> **Work request**
Please set down only the lines below starting with the line with "为深入了解国家高新技术企业人" and going on through the line with "全書共11章,分別是:智慧能", verbatim and without pictures.

> **Dataset records**
========

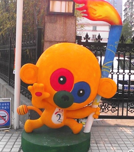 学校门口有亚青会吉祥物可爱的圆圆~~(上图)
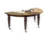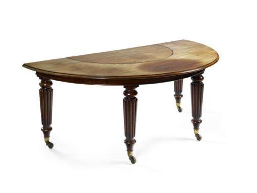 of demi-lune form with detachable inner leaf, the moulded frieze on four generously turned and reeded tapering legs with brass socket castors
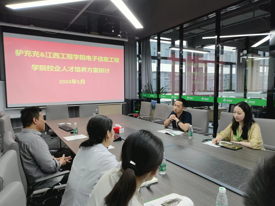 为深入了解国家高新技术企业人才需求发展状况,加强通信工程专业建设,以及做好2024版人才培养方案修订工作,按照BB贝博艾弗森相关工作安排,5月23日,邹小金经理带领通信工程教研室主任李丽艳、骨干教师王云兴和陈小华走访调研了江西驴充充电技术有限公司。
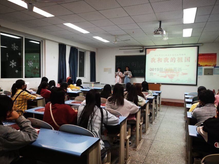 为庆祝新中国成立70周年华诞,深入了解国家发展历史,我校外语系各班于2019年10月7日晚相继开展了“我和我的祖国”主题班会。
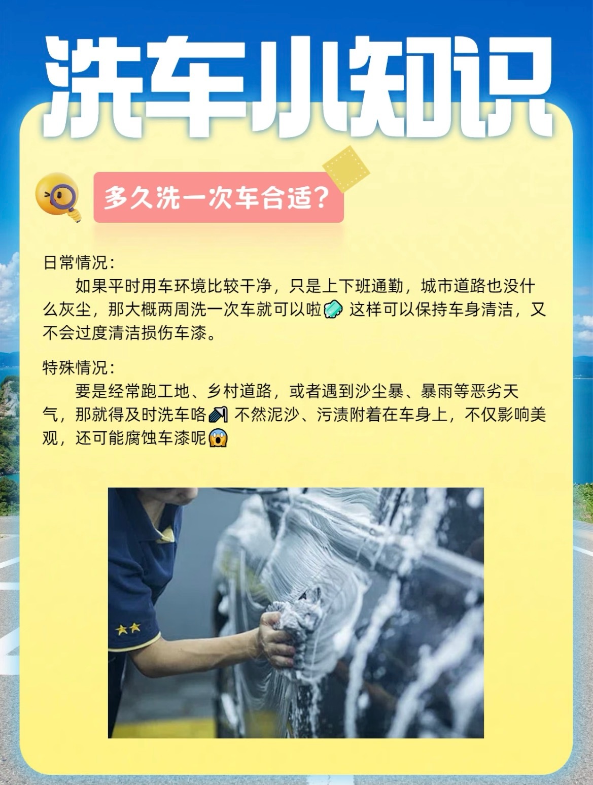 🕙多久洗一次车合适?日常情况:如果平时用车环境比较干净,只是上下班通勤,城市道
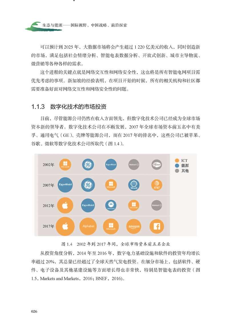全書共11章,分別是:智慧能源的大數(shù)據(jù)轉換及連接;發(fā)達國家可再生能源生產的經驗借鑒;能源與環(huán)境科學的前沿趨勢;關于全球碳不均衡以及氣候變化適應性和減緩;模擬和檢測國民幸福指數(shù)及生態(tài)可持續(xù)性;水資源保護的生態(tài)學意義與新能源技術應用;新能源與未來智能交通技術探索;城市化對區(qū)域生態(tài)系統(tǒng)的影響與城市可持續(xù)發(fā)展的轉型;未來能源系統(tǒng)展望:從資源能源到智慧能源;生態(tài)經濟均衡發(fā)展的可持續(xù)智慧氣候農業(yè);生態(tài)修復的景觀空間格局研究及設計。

========

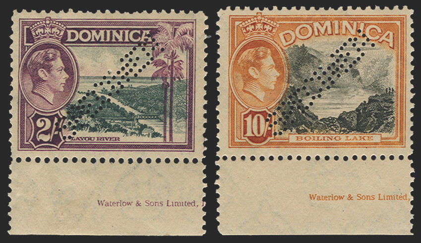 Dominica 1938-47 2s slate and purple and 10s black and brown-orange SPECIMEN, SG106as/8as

========

> **Answer to the problem**
 为深入了解国家高新技术企业人才需求发展状况,加强通信工程专业建设,以及做好2024版人才培养方案修订工作,按照BB贝博艾弗森相关工作安排,5月23日,邹小金经理带领通信工程教研室主任李丽艳、骨干教师王云兴和陈小华走访调研了江西驴充充电技术有限公司。
 为庆祝新中国成立70周年华诞,深入了解国家发展历史,我校外语系各班于2019年10月7日晚相继开展了“我和我的祖国”主题班会。
 🕙多久洗一次车合适?日常情况:如果平时用车环境比较干净,只是上下班通勤,城市道
全書共11章,分別是:智慧能源的大數(shù)據(jù)轉換及連接;發(fā)達國家可再生能源生產的經驗借鑒;能源與環(huán)境科學的前沿趨勢;關于全球碳不均衡以及氣候變化適應性和減緩;模擬和檢測國民幸福指數(shù)及生態(tài)可持續(xù)性;水資源保護的生態(tài)學意義與新能源技術應用;新能源與未來智能交通技術探索;城市化對區(qū)域生態(tài)系統(tǒng)的影響與城市可持續(xù)發(fā)展的轉型;未來能源系統(tǒng)展望:從資源能源到智慧能源;生態(tài)經濟均衡發(fā)展的可持續(xù)智慧氣候農業(yè);生態(tài)修復的景觀空間格局研究及設計。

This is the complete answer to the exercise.